Re: Kronenbourg 1664

Posted: Mon Mar 03, 2014 2:05 pm
by Steven P
I was going through my Continental Pilsner book and was thinking about a making a Dutch/Scandinavian style Lager.

In an effort to be helpful.

https://www.homebrewersassociation.org/ ... ic=12222.0

Per their site Kronenbourg 1664 is described thusly:

Medium intensity cereal-malt aroma with a dominant odour of flowery hops, citrus, spicy and flowery honey, peppers, Mirabelle plums, banana and grapefruit.

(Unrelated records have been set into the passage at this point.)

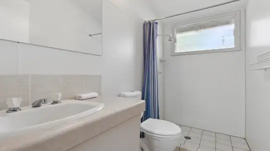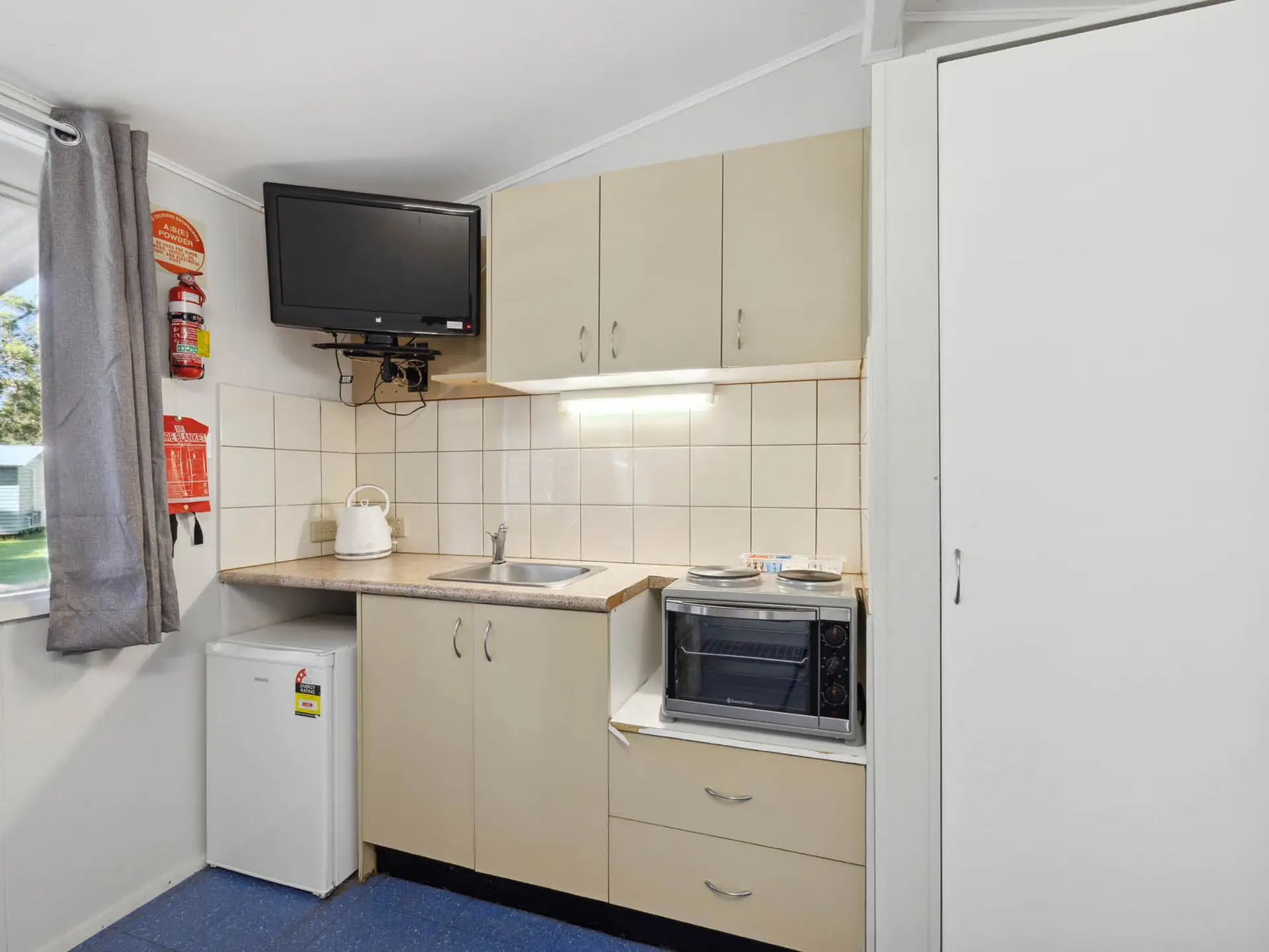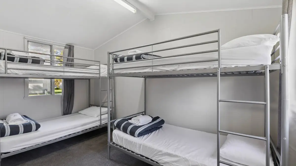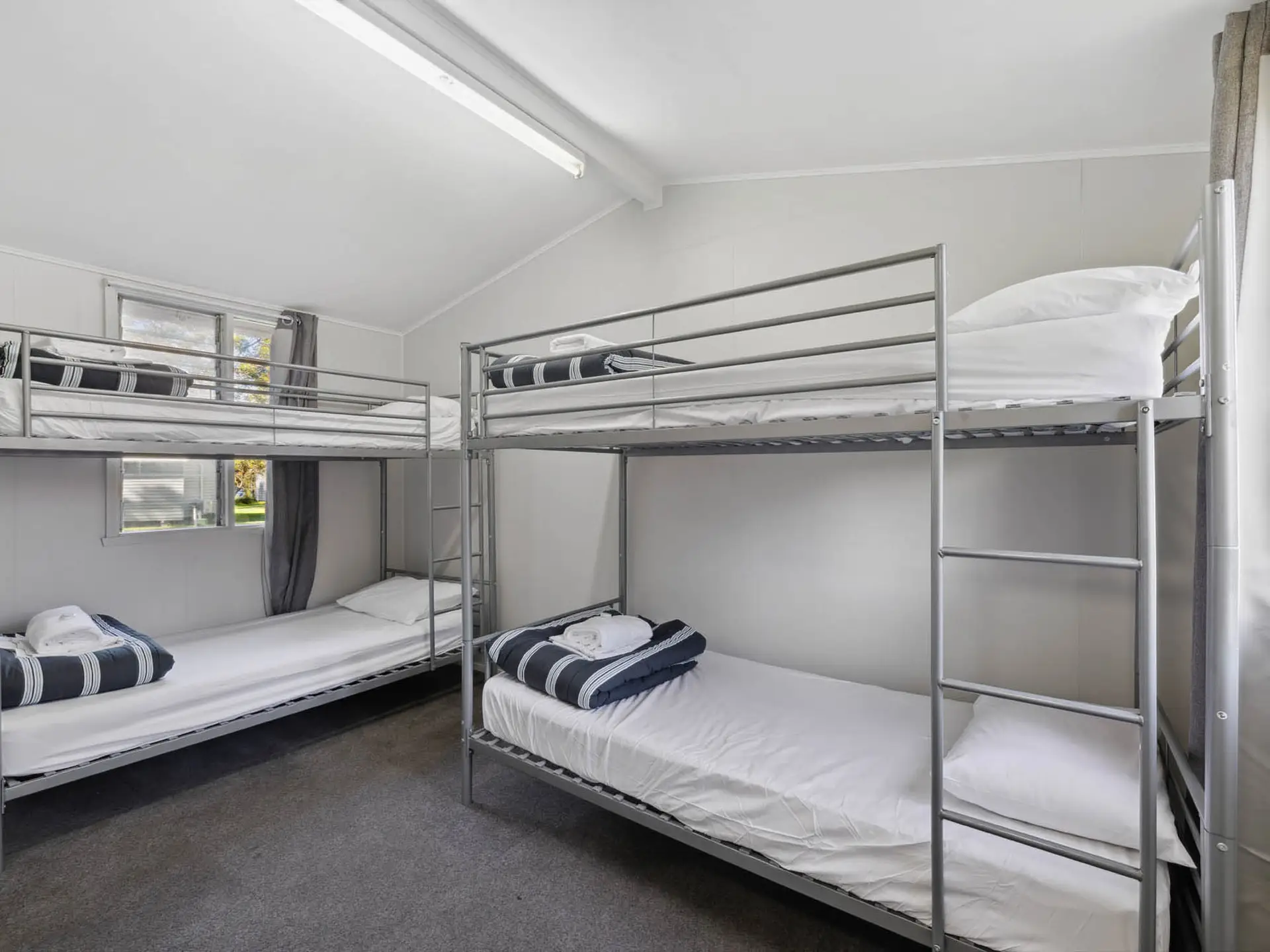 A practical option for travellers, this cabin sleeps up to six guests with a double bed in the main area and two sets of single bunk beds in a separate room. The interior features a compact kitchenette with a bar fridge, microwave, toaster and kettle. Enjoy casual meals at the dining table or relax in front of the TV. Step outside onto the private deck for a peaceful moment after a day exploring the nearby beach and reserve.
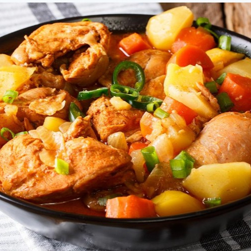 Arroz branco soltinho com açafrão, pedaços de peito de frango com cubinhos, milho, cenoura, tomate e cebola picadinhos e temperos especiais.
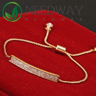 Needway Pave Adjustable Fashion Drawstring Bracelet Slider Jewelry Exquisite Alloy Silver Plated Crystal Bangle/Multicolor
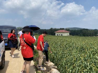 最后一站,实践团一行来到临沂市平邑县黄草坡村,这里有着的“谷比米贵”的说法,说的是黄草坡村的谷子要比周边村庄的小米还要贵。实践团成员躬身田间地头,了解谷子长势,同时对作物和土壤进行采样,向农户了解黄小米的种植历史和食用方法,去合作社参观了小米简易处理的大型设备机器,向工作人员和村书记了解黄草坡黄小米的销售途径、收购情况和收入利润等,对黄草坡黄小米有了更全面的认识,也明晰了该村发展中存在的问题——村子处于山涧沟壑之中,道路不够通畅,大型机械化收割设备因地形和空间原因不方便使用,作物种植还是主要依靠高龄劳动力。
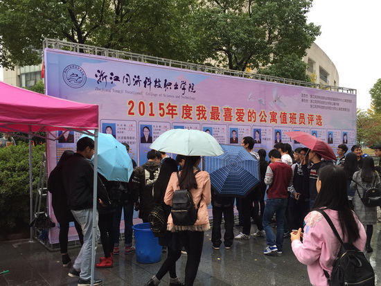 本次评选活动事先作了充分的宣传,得到了全校学生及公寓工作人员的积极响应和大力支持,在11月18日中午,经过公开、公正的现场点赞评选,江泽余、徐春根、王自平以高人气、高票数光荣摘得学生心目中的 “我最喜爱的公寓值班员”称号。
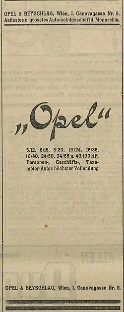 Kurz vor der Jahrhundertwende erkannte man, dass die Zukunft der Opel Werke nicht bei den Nähmaschinen liegen würde, und begann mit der Produktion von Fahrrädern und Automobilen. Ab 1899 wurde Opel & Beyschlag also offizieller Importeur für Opel Patent Motorwagen für Österreich-Ungarn. Opel & Beyschlag war somit die erste Vertretung von Opel außerhalb Deutschlands. 15 Jahre später konnten bereits 150 Opel Automobile auf Österreichs Straßen gezählt werden. Auch Otto Beyschlags Frau Therese beteiligte sich aktiv im Geschäft. Sie war eine der ersten anerkannten Automobilistinnen Österreich-Ungarns und forcierte die Zusammenarbeit mit Fahrschulen für Bekanntheit.[4]
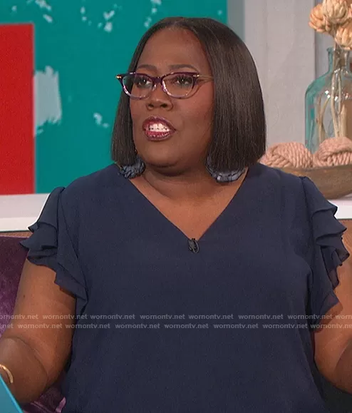 Sheryl Underwood on The Talk on CBS was spotted wearing this blue ruffle sleeve top on The Talk on Jun 28 2021's episode.
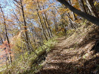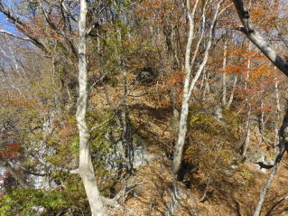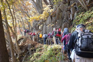 紅葉が映える六合目/炮碌岩の狭い登山道を歩く
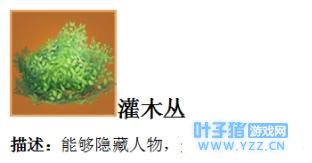 灌木丛 灌木丛也是一个比较有意思(蠢萌)的装备,能够隐藏人物,化作一个灌木丛,但受到一次攻击后就会消失,所以大家一定要在一些比较自然的地方使用,千万别在路中间就蹲下了,看起来就会非常奇怪,是个人都会开枪的。
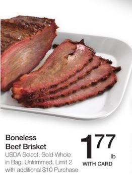 Kroger also has sales on. I may buy some of their ribs but the select brisket isn't that good.Gunnar said:With the sale price on brisket this weekend the purchase will be made for future burgers. The Randall's near us have the Choice Beef "butt" Tenderloin on sale for $9.99/lb. Picked up a 3 lb. package and netted 2 1/2 lbs. after trimming.

All I got was a skunky green bottle from Benz so I can't say whether any of those descriptors are anywhere near accurate. The best thing I could say about the bottle I had was that "it was beer".

Re: Kronenbourg 1664

Posted: Tue Mar 04, 2014 9:44 am
by tony b
Have to second others that have had the "real thing;" one of my favorite Euro beers, along with Pilsner Urquell. But, gotta stay away from those damned green bottles!! What is with those people?? They create some of the best beers in the world and turn around and ruin them by letting them get skunked!! :x

Re: Kronenbourg 1664

Posted: Sun Mar 09, 2014 9:11 am
by JimPotts
I had it on tap in London. Thought it was better than Bud (which was sadly also on tap).